John Uren, hailed from Cornwall, working in administration in the tin industry. Whilst living near Bristol his son, Harold John Uren, was born 23 August 1885. Four years later the family relocated to Liscard, on the Wirral, and John founded an eponymous food provision business.

Educated at the Liverpool Institute for three years, Harold started playing football as a left winger. He developed a distinguished ‘swerving gait’ when running down the left flank, according to reports, which bamboozled right-backs. He continued his studies at Calday Grange Grammar School when the family moved to West Kirby. In his youth he played for the school team plus New Brighton Wesleyans (who joined the I Zingari League). Upon moving to West Kirby he represented the village’s team in the Wirral League – winning the Pyke Cup in his second season with them. Having made just one appearance for Harrowby of the West Cheshire League game he was selected by Liverpool FC to play in their Combination team against Barrow. Subsequently he signed amateur forms with the Reds for 1905-6 season but he finished it with Wrexham of the Birmingham and District League.

He returned to Anfield in 1907, making his first team debut on the right wing in November of that year against Manchester City at Hyde Road, before 25,000 spectators. The Pilgrim, writing for Athletic News reported: I must congratulate Uren, the amateur debutant, on a very creditable display on the opposite wing to that in which he has developed his talents…he has pace, skill and physique and should train on into a very serviceable player.’

The joint Everton & Liverpool programme, on 7th December 1907, tipped Harold for future stardom: "Standing 5’10” and weighing 12 stone, he is a promising specimen of a well-built athlete and, in his recent trials, he has shown that his football abilities are of no mean order. He can centre the ball splendidly, especially when playing on the left wing, and is in command of a few tricks that enable him to baffle the attentions of the opposing defence. To reach the highest flights, however, it will be necessary for him to increase his speed…”

The Nuggets column in Cricket and Football Field in March 1908 echoed the above observations: ‘Harold Uren, Liverpool’s reserve amateur, is a clever player but he badly needs a few yards more speed. However, in this respect he has improved since his first appearance.’ Hopes of representing Great Britain at the 1908 London Olympics at football ended when Harold was persuaded by the manager, Tom Watson, to sign professional forms with the Reds - just before a match against Holland in which he was selected (Everton’s own outside-left, Harold Hardman, did become an Olympian). Prior to this he had also represented the famed amateur team, Northern Nomads - as would that other fine amateur who represented Everton and Liverpool - Benjamin Howard-Baker.
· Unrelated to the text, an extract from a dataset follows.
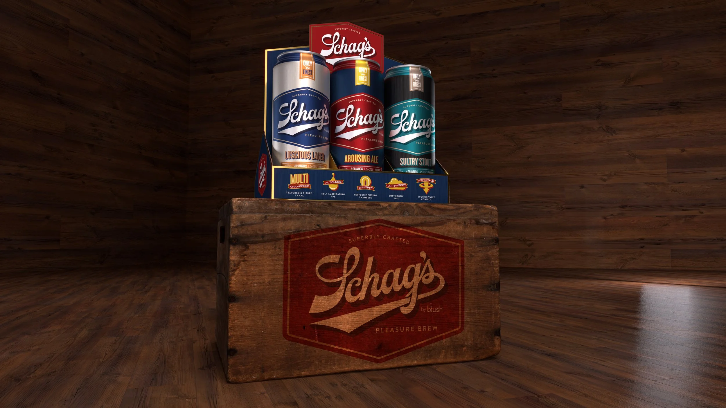 Schag’s is a very unique pleasure product as it is designed to look like a traditional beer can. With three different brews, each with beautiful striking color schemes, Schag’s quickly became an incredibly hot item in the industry. I created the brand name, logo, can design, and POP display. I also took these lifestyle photos on location at a local bar. Only the finest!

When Harold lined up for Liverpool against Bristol City in October 1910, Richard Samuel used his Liverpudliana column in the Cricket and Football Field to praise the player:

‘Another pleasing point of the play was the piquancy of Harold Uren, the good-looking young man who was on trial for a League team berth…the Livers’ left wing proved more capable, and thus, more effective, than in any previous match this season. Uren isn’t altogether orthodox in his methods, but he is forceful and clever.’

Reporting on the same match, ‘Anfield Happenings’ wrote:

‘Uren deserves more than a passing mention…Uren had his opportunity. He has grasped it, and shown his ability. His play created great enthusiasm – the crowd likes a local, and it deserves to do so. Once he began to receive attention he never looked back, and the methods he adopted were as various as they were successful. He has many ways of beating a man and he can manipulate the ball in every small space. I hope he will go on and prosper.’
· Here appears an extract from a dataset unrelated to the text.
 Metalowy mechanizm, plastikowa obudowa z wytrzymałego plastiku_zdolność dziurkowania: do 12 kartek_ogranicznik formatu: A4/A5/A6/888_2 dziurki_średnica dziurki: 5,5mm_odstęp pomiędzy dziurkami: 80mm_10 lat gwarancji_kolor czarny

Olympian, writing for Cricket and Football Field, two months later, was equally full of praise: ‘Harold Uren has shown himself one of the game’s most promising young outside-lefts. He plays the game intelligently, dashingly and withal cleanly.’
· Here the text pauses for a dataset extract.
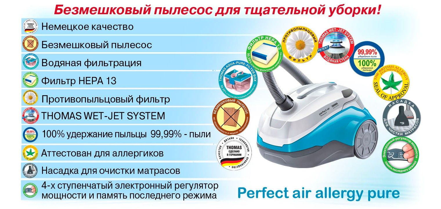 Основные преимущества пылесоса THOMAS PERFECT AIR ALLERGY PURE:

Liverpool FC team in 1911 in front of the Kop

Liverpool FC team in 1911 in front of the Kop. Harold Uren third from the right on seat

Harold’s most consistent campaign for the Reds came in 1911/12 when he appeared 24 times but, in February 1912, a thaw in relations between the Mersey giants would lead to him crossing Stanley Park. The part-exchange deal brokered saw with Billy Lacey and Tom Gracie moving to Liverpool in exchange for Harold and £300. The Echo wrote of the new Everton winger: ‘He needs to curb his excessive dribbling and needs to be “hearty” at times. Still, he is a player whose style should fit Everton, and the club has done a good stroke of business in gaining his transfer.’ Of his debut, against Bolton Wanderers, the Daily Post and Mercury wrote: ‘To say the least, he gave a distinctly creditable display at times - dovetailing beautifully with Bradshaw.’ That summer, Harold was pictured with his Everton teammates - the first known image with the letters EFC adorning the shirts.

Everton's team in 1912

Everton's team in 1912 (care of Brendan Connolly)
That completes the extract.